Activity – Since pictures are not part of the copy, please output only the lines from the one with "小雷簡(jiǎn)單體驗了一" through the end of the data below, exactly as written.

Saved data entries
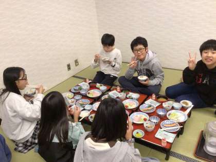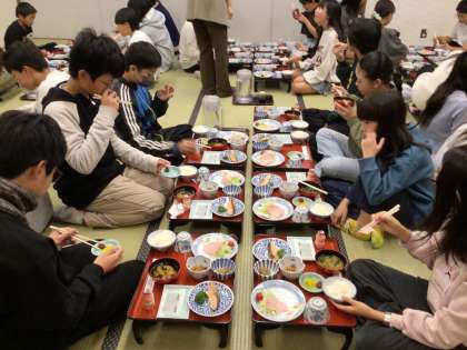11/1 6年生 修学旅行8 公開日 2025/11/01 更新日 2025/11/01 学校行事 夜の間に雨が上がりました。今日は傘も必要なさそうです。 少し眠そうな子もいますが、みんな元気です。 宿の方にもお世話になったお礼を伝え、朝ごはんをいただきました。 朝食後は部屋を片付け、荷物をまとめたら、奈良に向けて出発です。
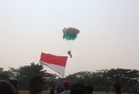 CIBINONG- Pemerintah Kabupaten (Pemkab) Bogor suguhkan atraksi terjun payung dengan membawa bendera merah putih, bendera Kabupaten Bogor dan bendera Koni Kabupaten Bogor, kepada masyarakat…
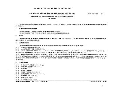 中文名称:饲料中 恶唑烷硫酮的测定方法
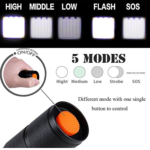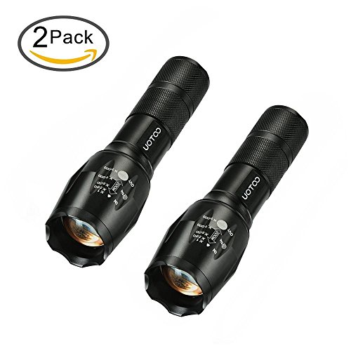 UOTOO 2 Pack Ultra Bright Portable Outdoor LED Tactical Flashlight, Water Resistant Torch Light with 5 Light Modes, Adjustable Focus
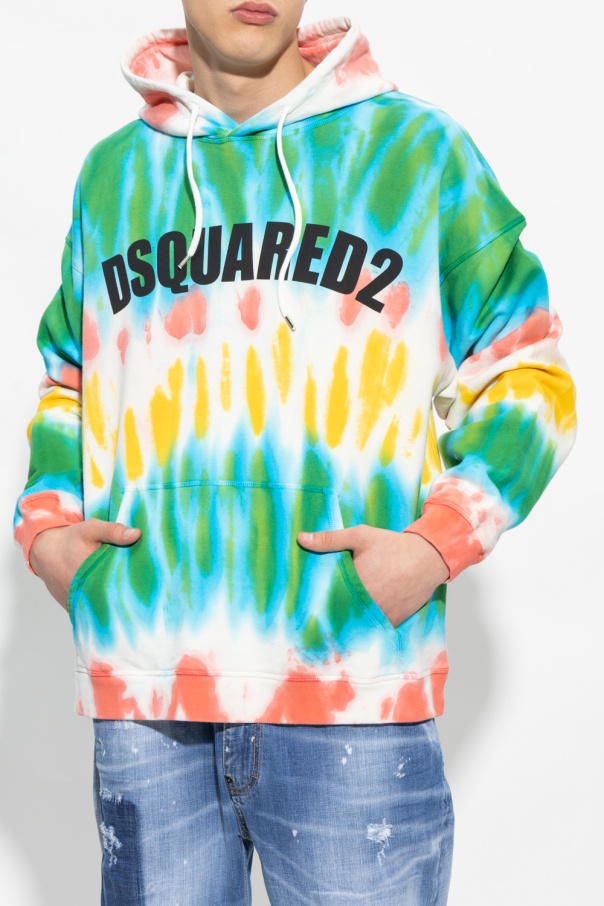 Multicolored hoodie from Dsquared2. Crafted from cotton, this design features a tie-dye effect, logo detail, slip pocket, drawstring hood and ribbed trims at the hem and cuffs.
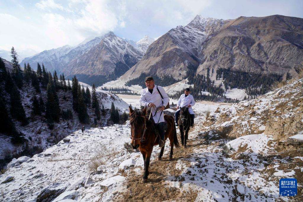 Doctors are on their way to visit patients at the Akyaz Valley in Zhaosu County, northwest China's Xinjiang Uygur Autonomous Region, Jan. 25, 2022. Herdsmen in Xinjiang had lived a nomadic life for centuries. Under a housing project to benefit hundreds of households of local herdsmen, local authorities have initiated construction of supporting facilities to help herdsmen's settlement. It helps herdsmen to start a new life with better medical, educational, cultural and health facilities. (Xinhua/Zhao Ge)
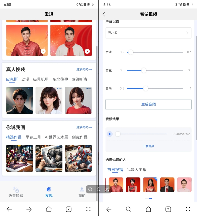 小雷簡(jiǎn)單體驗了一下視頻生成功能,你可以根據自己的需求設置虛擬主播的播報內容,也可以選擇不同的語(yǔ)速、音色、形象等。雖說(shuō)整體的效果還是有一些生硬,但對于很多老年人來(lái)說(shuō),如此簡(jiǎn)單的操作已經(jīng)能夠滿(mǎn)足他們的需求。
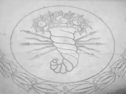Roman cornucopia, symbol of Valentia, found on the floor of a Roman building excavated in the Plaça de la Mare de Déu

Output of the task –
 小雷簡(jiǎn)單體驗了一下視頻生成功能,你可以根據自己的需求設置虛擬主播的播報內容,也可以選擇不同的語(yǔ)速、音色、形象等。雖說(shuō)整體的效果還是有一些生硬,但對于很多老年人來(lái)說(shuō),如此簡(jiǎn)單的操作已經(jīng)能夠滿(mǎn)足他們的需求。
Roman cornucopia, symbol of Valentia, found on the floor of a Roman building excavated in the Plaça de la Mare de Déu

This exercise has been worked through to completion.